I haven't seen this mentioned but apart from 8K being expensive, requiring new production pipelines, unweildley for storage and bandwidth, unneeded, and not fixing g existing problems with 4K, it requires MASSIVE screens to reap benefits.

There are several similar posts, but suffice to say, 8K content is only perceived by average eyesight at living room distances when screens are OVER 100 inches in diameter at the bare minimum. That's 7 feet wide.

1000009671

Source: https://www.rtings.com/tv/reviews/by-size/size-to-distance-relationship

[–] FreedomAdvocate -2 points 1 week ago (8 children)

8K content is only perceived by average eyesight at living room distances when screens are OVER 100 inches in diameter at the bare minimum.

65-75" tv's are pretty much the standard these days. I've got a 75" and I'll want the next one I replace it with to be even bigger, so 100"-ish will be what I'll be after.

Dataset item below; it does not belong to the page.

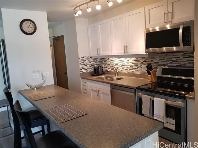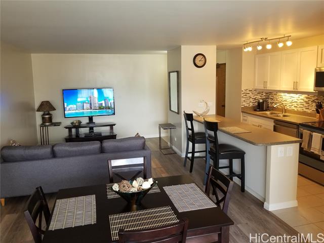 "fee simple 1 bedroom full furnished unit located on a high floor of discovery bay's resolution tower. this unit has been completely remodeled from the kitchen to the bathrooms. luxury vinyl flooring installed throughout the unit with newer stainless steel appliances.washer/dryer 2 months old. bathroom renovation only 2yrs old. turnkey with everything you could possibly need. the unit comes with 1 secure parking stall . beautiful city, mountain and canal views with cool trade wind breezes. enjoy watching the rainbows from your lanai. ideally located and close to the beach, shopping, restaurants and city transportation. ideal for a 1st time home buyer or an investor. minimum 30 day rentals allowed. discovery bay is well managed and maintained with 24hr security and a long term resident manager. amenities include a pool, jacuzzi, sauna, bbq area, and gym with commercial shops. reasonable maintenance fees include sewer, water, hot water, wifi and basic cable. this building has 100% hurricane insurance coverage. the condo is 96.893% fee simple and 3.107% leasehold with the option/right to purchase the remaining leased fee interest prior to expiration of lease." -

[–] czardestructo@lemmy.world 2 points 1 week ago (3 children)

My 36" TV is fine, you monster.

[–] FreedomAdvocate 1 points 1 week ago (1 children)

I’m sure it’s fine, but I much prefer my 75”. 36” would be way too small in my game room.

[–] Lumisal@lemmy.world 0 points 1 week ago (1 children)

I like a big screen for gaming too, but just wanted to mention it also means you'll do worse at games. You can look it up, but a smaller screen gives you better performance, because your brain can properly see everything that's happening on screen at once.

Unless your screen is significantly far away that is.

[–] FreedomAdvocate 1 points 1 week ago* (last edited 1 week ago)

Thats only if you’re sitting somewhere where you can’t see the whole screen at once. I can see everything that’s happening on my big tv. I’ve found I do worse on a smaller tv/monitor, moved my gaming pc from my 144hz 34” monitor to the 75” 120hz tv and my results are much better.